Load the input data using readData (which performs basic integrity checks on column structure), then call buildExperiment without the optional secondary assay parameter to generate a SummarizedExperiment object. Extract the 'ratio' assay from the resulting experiment object and the primary assay values separately. Perform element-wise comparison across all compound–sample pairs to verify that ratio values equal primary assay values, confirming that the default internal standard divisor of 1 has negated the normalization effect. Generate a validation report documenting the equality check outcome for all observations.

## Related tools

- **mzQuality** (Provides buildExperiment function to construct SummarizedExperiment objects and readData for input validation; hosts example.tsv test dataset used to validate ratio assay default behavior.) — https://github.com/hankemeierlab/mzQuality
- **SummarizedExperiment** (Bioconductor container object that stores compound (rowData) and sample (colData) metadata alongside multiple assays (ratio, primary, ratio_corrected) enabling slot-based extraction and comparison.) — https://bioconductor.org/packages/release/bioc/vignettes/SummarizedExperiment/inst/doc/SummarizedExperiment.html
- **R** (Programming environment in which readData, buildExperiment, and element-wise assay extraction and comparison operations are executed.)

## Examples

```
path <- system.file('extdata', 'example.tsv', package = 'mzQuality'); exp <- buildExperiment(readData(path)); all.equal(assay(exp, 'ratio'), assay(exp, 'primary'))
```

## Evaluation signals

- All ratio assay values are numerically identical (or differ only by floating-point rounding error ≤ machine epsilon) to primary assay values across all compound–sample pairs.
- Validation report documents the count and percentage of observations passing equivalence test, with 100% pass rate indicating correct default behavior.
- No NaN, Inf, or missing values appear in the comparison result when input data is complete; presence of such values flags data quality issues.
- Repeating the test with an explicitly specified secondaryAssay parameter = 1 produces identical outcome, confirming equivalence of default and explicit divisor.
- Element-wise difference matrix (ratio - primary) contains only zeros or values within machine epsilon tolerance (e.g., < 1e-15 for double precision).

## Limitations

- Floating-point arithmetic may introduce rounding errors; exact equality testing must account for machine epsilon tolerance rather than strict zero difference.
- This validation assumes the primary assay contains no missing or NaN values; presence of such values will cause element-wise comparison to produce NA or FALSE results that mask the true default behavior.
- The secondaryAssay default value of 1 is specific to mzQuality's buildExperiment function; other tools or functions may have different or no defaults, making the equivalence test inapplicable.
- Test is limited to the specific case where secondaryAssay is omitted entirely; partial or conditional specification of secondary assay parameters may not follow the documented default.

## Evidence

- [other] Default internal standard divisor behavior: "When secondaryAssay is not provided to buildExperiment, its value defaults to 1, which negates the Internal Standard effect, making the ratio assay equal to the primary assay values."
- [other] Workflow for validation testing: "Load the example.tsv file from the mzQuality package using readData function, which performs basic checks on column integrity.

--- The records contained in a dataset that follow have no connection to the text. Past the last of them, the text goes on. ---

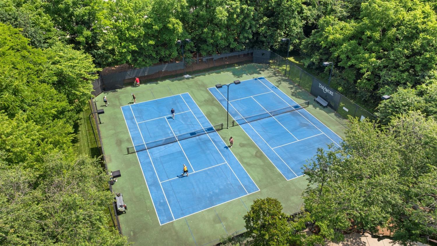 Residents enjoy resort-style Taramore amenities including pool with slide, historic mansion clubhouse with fitness center, tennis and pickleball courts, playground, stocked fishing pond, sidewalks, and scenic walking trails.
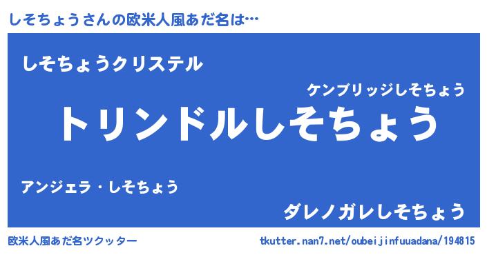 | 男性向けラノベタイトル風あだ名 | 『シソチョウスレイヤー』 |
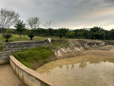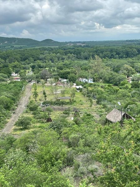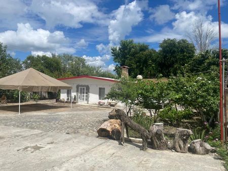 Propiedad de 25 Hectáreas, con servicio de luz 220, se ubica a pie de carretera, se puede recorrer todo el terreno desde su interior y también tiene acceso alterno, cuenta con una represita, un papalote, una noria, dos fosas sépticas, dos pozos artesanos de agua, una casa con tres cuartos, dos baños, cocina, comedor, sala, cuarto de tele y chimenea, una cocina al exterior rústica, casita de los trabajadores, un área planeada para eventos, una estructura para músicos, 8 baños centrales, la preparación en estructura para techar, tiene en la falda de la loma 6 cabañitas de 2 por 2 de madera que ocupan mantenimiento.
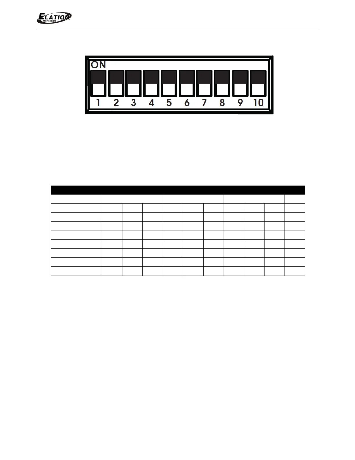 2. Using the chart below, turn ON switches that equal the desired brightness level.

Call buildExperiment on the resulting data frame without specifying a"
- [other] Validation report generation: "Generate a validation report confirming equality across all compound–sample pairs."
- [readme] buildExperiment function and SummarizedExperiment usage: "The function `buildExperiment` allows you to create a *SummarizedExperiment* object from a data frame by specifying the following columns"
- [readme] Data import and integrity checking: "Once your files are ready, you can use the `readData` function to read in your data. It will check if all mandatory columns are present and if the data is in the correct format."